• Café stupéfiant

    Café stupéfiant

     

    Tout le monde le sait, le café est une sorte de stupéfiant. En tout cas, il est psychoactif. Mon compagnon dit que son absorption lui provoque un flash d’énergie et de vision claire. Je me suis longtemps raconté que boire du café m’était devenu nécessaire quand, dans mon premier poste je me suis rendue compte que je m’endormais sur mon bureau pendant la digestion du repas de midi. La cafeteria était à deux pas, tentante. J’ai essayé et adopté alors cette substance amère qu’enfant je détestais. L’habitude, le rite, ont fait le reste et j’ai raconté cette histoire à l’occasion.

    Il y a quelques années, le moment du café était devenu double.
    Avant de partir travailler, au café du coin, entre les machines vrombissantes, avec un bouquin. Quelques minutes avant le sérieux, voire le pensum du jour. Une amie me disait ne pas comprendre pourquoi cet endroit, malcommode finalement. Je ne sais pas. Il faisait cocon et le bourdonnement des machines sans doute le rendait étanche, clôturant l’espace. Nous étions aussi très peu nombreux dans ce lieu à cette heure. J’y étais à peu près seule et protégée.
    Pendant la matinée, le sacro-saint café de 10h rassemblait les volontaires et les invités pour un quart d’heure de discussion à bâtons très rompus, du professionnel au culturel en passant par le politique.

    Puis j’ai quitté l’univers du travail et le café est devenu le centre du matin.

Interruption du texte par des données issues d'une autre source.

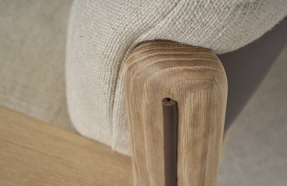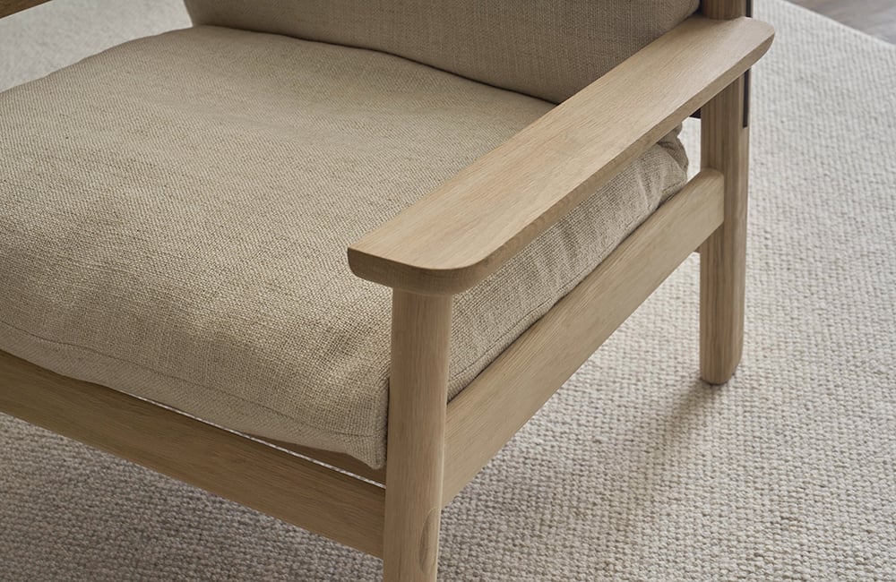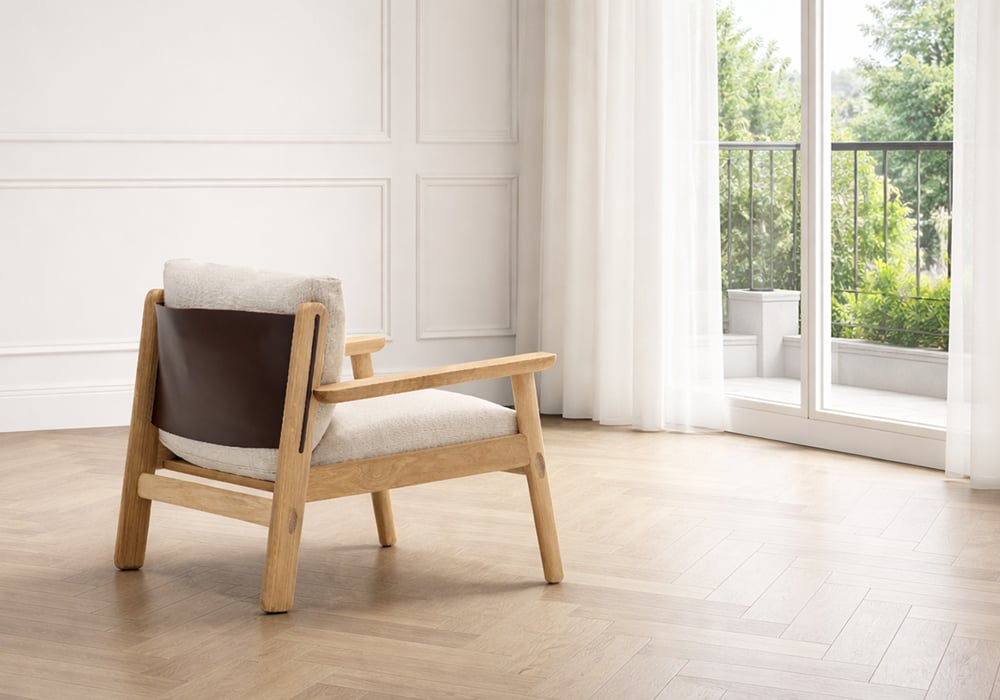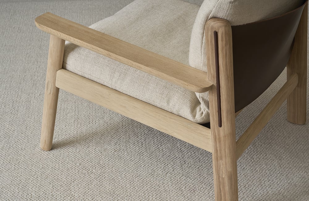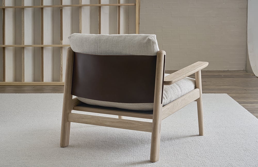 丹麥 Tolv Wren 潤木扶手休閒椅,是一張你實際坐上去,才會真正感受到差異的作品,它沒有刻意誇張的造型,而是把重點放在每一個細節,全實心橡木手工打磨,讓線條自然圓潤,摸起來像被時間磨過的鵝卵石,溫順而紮實。仔細看,會發現木構之間保留了傳統榫接工法,這不只是結構,更是一種對工藝的堅持,椅背則用丹麥頂級品牌 Sorensen 的高品質皮革,以吊帶方式支撐,坐感柔韌而有彈性,隨著時間使用,皮革會慢慢產生屬於你的痕跡,越用越有味道,它不靠誇張設計吸引目光,而是用材質與工藝,讓人願意坐下來,慢慢感受。

Je me rendais dans le centre ville, en plein centre, le centre du centre, en marchant. Promenade matinale par tous les temps, succédané de parcours vers le travail. Les habitués, le petit coin près de la fenêtre où je me logeais, la cordialité bourrue du serveur, tout contribuait à mon isolement chaleureux. Le lieu lui-même, beau sans trop, fait pour l’usage. Discussions chopées au hasard : l’intellectuel, grand lecteur qui lit des bouquins de Gallimard dans la collection blanche et convie ses amis à discuter littérature ; le monsieur qui fait un peu peuple mais distingué quand même et qui parle foot avec le serveur. Images d’Epinal du café français. Si réconfortantes. Le rite était devenu si inscrit dans ma journée que je ne parvenais pas à penser utiliser ma matinée autrement : arrivée à 10h, je restais une bonne heure, rentrant chez moi pour l’heure de préparer le repas. Ne pas aller travailler, aller lire au café c’était devenu l’équation obligée de mon temps matinal, avec toutefois l’entorse du jeudi, jour du psy où je filais du café (un autre, plus près du cabinet) après un petit moment seulement. Je rentrais après la séance, ravie, rassérénée et un peu hébétée, perdue dans mes pensées qui coulaient avec le courant scintillant de l’eau du Rhône.

    Puis le confinement nous est tombé dessus sans crier gare. Comment transformer cette expérience, renouveler ce rite ? En le reproduisant indoor. J’ai donc repris seule et dans mon chez moi une expérience ‘café plus lecture’ qui s’est avérée tout aussi addictive et collante à mon temps libre.

    Récemment, coup de théâtre dans le landernau, de façon presque concomittante à la mort de ma tante, je n’ai plus eu de goût pour le café, qui m’a semblé soudain démesurément amer, comme dans mon enfance, et m’a occasionné des irritations intestinales. Depuis, je n’en bois plus, ou exceptionnellement, ‘pour voir’, chez des amis. Mais ce que je ‘vois’ alors n’a rien de commun avec ce que j’ai pu ressentir il y a de cela seulement quelques semaines. Un chaud breuvage un peu amer (moins que le mien quand même) qui ne me fait plus vraiment ‘ni chaud ni froid’. La magie du café a cessé… pour le moment.
    Et je me demande, le nez plongé dans la chicorée, si je n’ai pas inventé mon besoin de café, puis mon goût pour le café pour ce qu’il me rappelait de la culture familiale, par exemple, celle qui a fini de s’enfuir avec ma tante. Il n’aurait pas été un réveilleur d’après repas mais plutôt un lien avec le sud, avec le midi comme on dit chez nous. Cet endroit où j’avais laissé une partie de moi qui transparaissait dans le geste de boire et le goût du café. Et voilà qu’il se peut bien que j’aie récupéré cette partie… et perdu le café.

    Désormais, je bois ma chicorée comme un substitut moins encombrant, moins exigeant, qui laisse la place à d’autres activités que ‘café-lecture’. Bref, en voie de perdre l’assuétude à l’univers du café, comme, par force, j’ai dû perdre pour un temps l’habitude du lieu où on le boit. Et celui-là, il me manque bien davantage, comme un lien aussi mais avec les partenaires de l’âge adulte, avec mes égaux en humanité sociable.